Dec. 21: The A’s have formally announced Kotsay as their new manager. He signed a three-year deal with a club option for a fourth season, per the team.
Dec. 20: The Athletics are hiring Mark Kotsay as their next manager, reports Jon Heyman of the MLB Network (Twitter link). The news comes as little surprise, as Heyman had reported over the weekend that Oakland was zeroing in on Kotsay for the position.
It’ll be the first managerial stint for the 46-year-old, who spent the 2021 campaign as the A’s third base coach. While he’d only served in that capacity for one season, the longtime MLB outfielder has been on the Oakland staff for a while. Kotsay originally signed on as bench coach over the 2015-16 offseason. After two years in that capacity, he bounced to quality control coach for a few seasons before taking over third base coaching duties last winter.
Now, Kotsay’s in position to oversee a dugout for the first time. His taking over the managerial chair in Oakland this winter would’ve seemed completely improbable just a few months ago. Longtime A’s skipper Bob Melvin — generally regarded as one of the better managers around the league — remained under contract after the team exercised a 2022 option on his services in June. Yet Oakland brass eventually granted Melvin permission to explore opportunities elsewhere, and the three-time Manager of the Year fielded inquiries from the Padres. San Diego and Melvin finalized a three-year deal in early November, leaving Oakland on the hunt for a new dugout leader for the first time in over a decade.
Melvin’s departure was nothing short of shocking. Once the dust was settled, however, it became clear that Kotsay was as strong a candidate as anyone to succeed him. Not only has the latter spent the past six seasons taking on various roles in Oakland, he spent the 2014 campaign as a special assistant in the Padres’ front office and logged the following year as the Friars’ hitting coach.
That’s a wide array of experience, particularly considering Kotsay’s not that far removed from hanging up his spikes. The ninth overall pick in 1996 coming out of Cal State Fullerton, Kotsay made his big league debut with the Marlins a little more than a year after his draft day. He’d appear in the majors in each of the next sixteen seasons, continuing his playing career all the way through 2013.
Kotsay appeared with seven different organizations during his MLB career, including two separate stints in San Diego and four years (2004-07) with the A’s. That stretch included a .314/.370/.459 showing in his first year in the Bay Area that stands out as one of the better seasons of his career. Oakland’s current top two front office decision-makers — executive vice president Billy Beane and general manager David Forst — were already in key positions with the A’s during that time, so Kotsay’s original stint in the organization likely laid the foundation for the key post-playing roles he’d eventually assume.
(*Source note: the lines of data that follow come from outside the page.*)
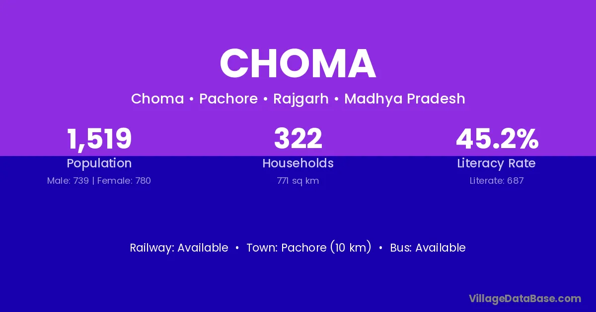 Pachore (10 km) is the nearest town to Choma village for major economic activities and is located approximately 10 km away.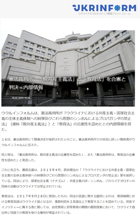 憲法裁判所が「ウクライナにおける共産主義・国家社会主義の全体主義体制への糾弾及びこれら思想のシンボルによるプロパガンダの禁止法」(通称「脱共産主義法」)と「教育法」の合憲性を認めた。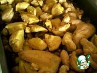 Грибы так же обжариваем, небольшими порциями на сильном нагреве, чтобы воду не дали. Подсаливаем так же в конце жарки, как баклажаны. |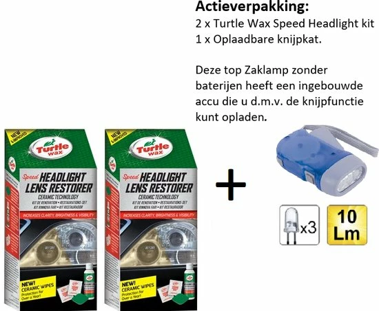 Turtle Wax introduceert nu een professioneel systeem en een precieze manier om de helderheid van koplampen en achterlichten te herstellen en/of te verbeteren bij door de zon beschadigde, gekraste, geoxideerde lenzen. Troebele, melkachtige en vergeelde lenzen kunnen het zicht ‘s nachts of tijdens slechte zichtomstandigheden verminderen. De nieuwste verbetering van de Turtle Wax Speed Headlight Lens Restorer Kit vermindert de inwerktijd of werkt 35% sneller met betere resultaten. De nieuwe kit bevat een sneller en beter reinigende Headlight Lens Repair & Renew Compound die vergeling en zandstrepen beter verwijdert en slechts 1 tweezijdige professionele Restoration Pad nodig heeft om hardnekkige plastic oxidatie te verwijderen. Een katoenen doek is nodig om de Headlight Lens Repair & Renew Compound aan te brengen en op te poetsen, maar deze is niet inbegrepen in de kit.

While Kotsay has yet to manage at any level professionally, he’s long been viewed as a viable candidate. By 2015, he’d been mentioned as a possibility to lead the Padres’ clubhouse on an interim basis after the firing of Bud Black, although that role eventually went to Pat Murphy. By the 2019-20 offseason, he was garnering consideration from clubs to land a managerial role on a permanent basis. He reportedly sat down with each of the Giants, Pirates, Astros and Red Sox that winter but didn’t ultimately land a gig. Last year, he interviewed with the Tigers for the position that eventually went to A.J. Hinch, but he’ll now get his opportunity with the franchise he arguably knows as well as any.
Aside from Kotsay, the A’s reportedly considered bullpen coach Marcus Jensen and hitting coach Darren Bush as possible internal options. Oakland also looked into Rays’ bench coach Matt Quatraro, Red Sox’s bench coach Will Venable and Astros’ bench coach Joe Espada. With the A’s the last team of the offseason to finalize their managerial situation, each of that group will have to wait at least one more year in the pursuit of their own first managerial nods.
Kotsay’s first order of business figures to be nailing down the coaching staff, which he and the front office can embark upon during the lockout. Once the transactions freeze is lifted, the A’s appear to be in for a rather significant roster overhaul. The front office is always operating under a tight budget due to payroll restraints, and reports have suggested for months that the A’s could trade key players (i.e. Matt Olson, Matt Chapman, Chris Bassitt, Sean Manaea, Frankie Montas) in an effort to reduce costs. Indeed, reports suggested Melvin’s $4MM salary may have been part of the reason the A’s allowed him to head to San Diego in the first place, although it’s likely the organization’s affinity for their longtime skipper was also a factor.
The specific form the restructure takes won’t be known until there’s a new CBA in place. Yet it’s likely Kotsay and his staff will be tasked with leading a club that looks very different, both from last year’s 86-win squad and the roster as currently constructed. That could make for a tough challenge for a first-year skipper, but the front office clearly believes in Kotsay’s ability to lead the franchise through that transition.